Ride the Living Room Revolution
Books Teaching This Pattern
Evidence

St Hubert: 50 Years of Great Success
Beatrice Richard · 3 highlights
“But the tables turn. While the competition mocks their unusual management, the Légers, who don’t care, take the experiment even further. A technological innovation is starting to invade homes: television. Every evening, more and more families gather around the small screen. René immediately grasps the significance of the phenomenon. If radio increases sales, what about the cathode-ray screen, which captures the public’s attention at the strategic supper hour? Making his service known through this channel… now that promises some busy evenings! Firm in these convictions, René goes to the prestigious channel 2 of Radio-Canada to buy some airtime. The head of advertising, wide-eyed, politely but somewhat bored, explains to him: • - Restaurants don’t advertise on television, sir. It’s too small. The effect won’t last, maybe two or three months at most. René insists. He wants a televised commercial. His interlocutor grows impatient. • - In any case, Radio-Canada does not create advertising messages, you need to contact specialized firms. • - Give me the name of one of them, I’ll manage just fine. • - But that would be against the regulations…”

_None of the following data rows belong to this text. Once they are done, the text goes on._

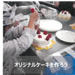
オリジナルケーキを作ろう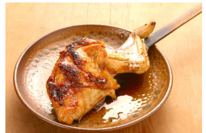
●こちらが一番人気の山賊焼きです。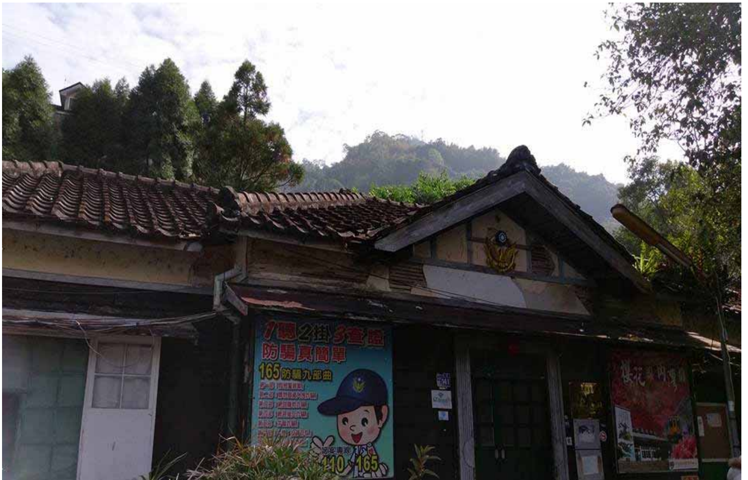
三級古蹟、仍在使用中的內灣派出所，保留著日治時期原有的樣貌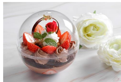
スイーツ スフィア ～Valentine's Day～

3月限定のホワイトデーバージョンは、なめらかな食感でミルキーな味わいのホワイトチョコレートクリームに甘酸っぱくてジューシーないちごを合わせたやさしい甘さのケーキです。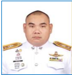
พ.ต.ท.อธิบดี เสริมสุข รอง พกก.ป.สน.นางเลิ้ง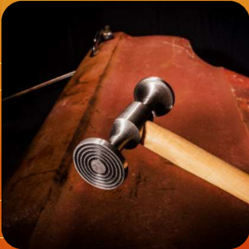
ESPIRAL ARTICULO 107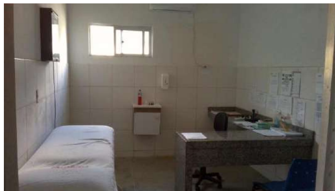
40.11. Consultório médico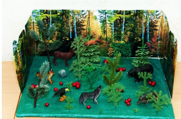
«Хочу все знать!»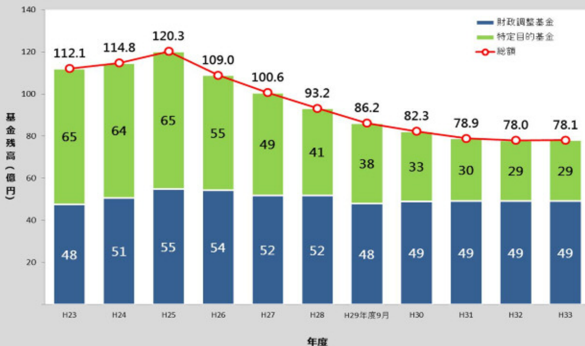
基金残高の推移と見通し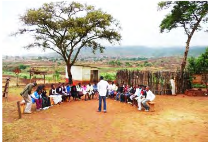
Peer education bijeenkomst op het platteland

Hoofdpersoon was een vadsige blanke Zuid-Afrikaan die langs Zuid-Afrikaanse scholen reisde om zijn boodschap over seks en aids over te brengen. En zijn boodschap was niet mild. Nee, jongens en meisjes; van seks krijg je enge ziektes. Zijn gruwelverhalen over nare seksueel overdraagbare infecties en de gevolgen van een hiv-infectie werden ondersteund door foto's van etterende wonden, opgezwollen penissen en onherkenbare vagina's. Zijn boodschap was duidelijk: seks, begin er niet aan.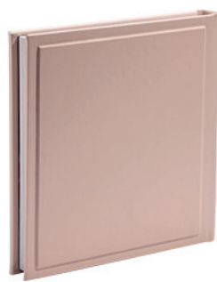
גולף ורוד פודרה Golf_856447

“In fact, Coq St-Hubert benefits in its own way from the popularity of “Rocket” Maurice Richard. On Saturdays, the advertisement airs immediately after the Canadiens’ games, precisely at 10:28 p.m. At the rotisserie, as soon as the announcement of the final score appears on screen, the phone rings off the hook. That night, the three deliverymen are not enough for the job. Extra deliverymen are then hired. A little before the end of the game, they line up in their cars behind the rotisserie. Sometimes more than fifty, they fill the alley up to the next street corner. At 50 cents per order, each driver delivers three to five orders per trip and may complete up to five runs in an evening. This type of pay quickly earns these drivers the nickname “fifty cents” in everyday language.”